As best seen in FIGS. 2 and 3, each of the multifilament wires 24 is constructed of a plurality of solid wires, namely an inner wire 26 surrounded by a stranding 28 of six stranded wires 28a-f. The spacing between the stranding 28, as shown in FIG. 2, is for illustration purposes to show the relative orientation of the stranding, and does not occur in the wire 24 as actually constructed. FIG. 3 shows a cross-sectional view of the composite construction of multifilament wire 24. Generally, the inner wire 26 has a diameter of 0.005 inches and surrounding wires 28a-f each have a diameter of about 0.004 inches, giving an overall diameter to the wire 24 of about 0.013 inches. While this construction is preferred, it will be recognized by those skilled in the art that the multifilament wire 24 may vary in size, shape and construction. For example, the multifilament wire 24 may simply include a plurality of solid wires stranded together, braided, twisted, or joined by other known or future developed interconnection methods. Further details and variations of the multifilament wire 24 may be found in commonly owned U.S. Pat. No. 5,330,482.

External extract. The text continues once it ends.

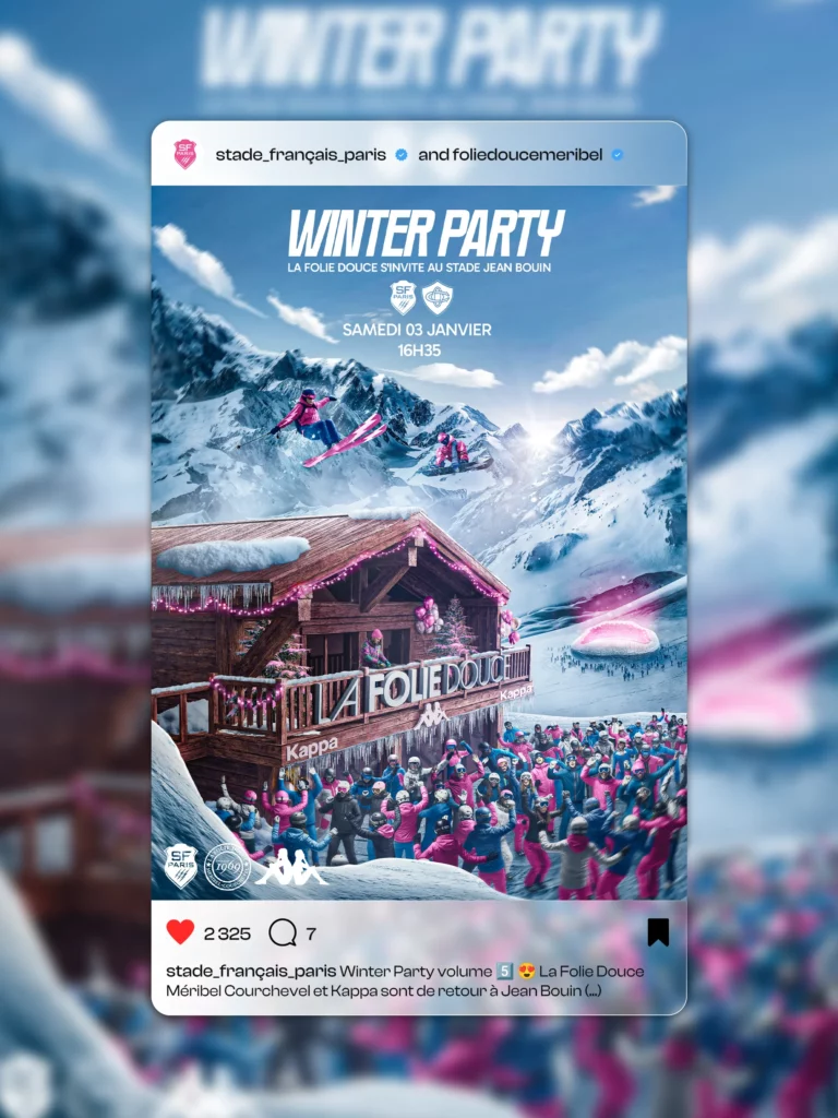 The main challenge of this project was to blend the universe and atmosphere of La Folie Douce (mountains, skiing, snow, chalet, festive spirit) with the club’s graphic identity (blue and pink), while highlighting the partner brand Kappa. The brief also required the subtle integration of Stade Français Paris’ stadium within the visual.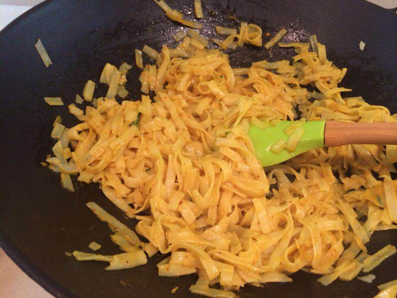 While the fish is cooking, place a pot on high heat with boiling water and cook the rice noodles for 3-5 minutes. Place a wok on high heat, warm up a teaspoon of olive oil and add the leftover marinade, cook for 1 minute then add the cooked noodles.

Turning back to FIG. 1, the wire basket 22 is formed by distal portions of the plurality of multifilament wires 24. In particular, the wires are joined at a first location 36 (also referred to herein as first joint 36), and again joined at a second location 38 (“second joint 38”) which is axially spaced from the first location 36. Preferably, the plurality of multifilament wires 24 are joined by soldering or welding, which permits the second joint 38 to form the distal tip of the device 20. The distal tip formed by second joint 38 is atraumatically shaped to prevent damage to the patient's anatomy.

The wire basket 22 is preferably introduced into the body of the patient through a delivery cannula 32 which defines a delivery lumen 33. The delivery cannula 32 may be reinforced at its distal end, although a specially reinforced lithotripsy cable, such as the Wilson Cook® Conquest TTC™, is preferably introduced over the delivery cannula 32 for providing additional support during retraction of the wire basket 22 to collapse the basket 22 around the foreign body and crush the same.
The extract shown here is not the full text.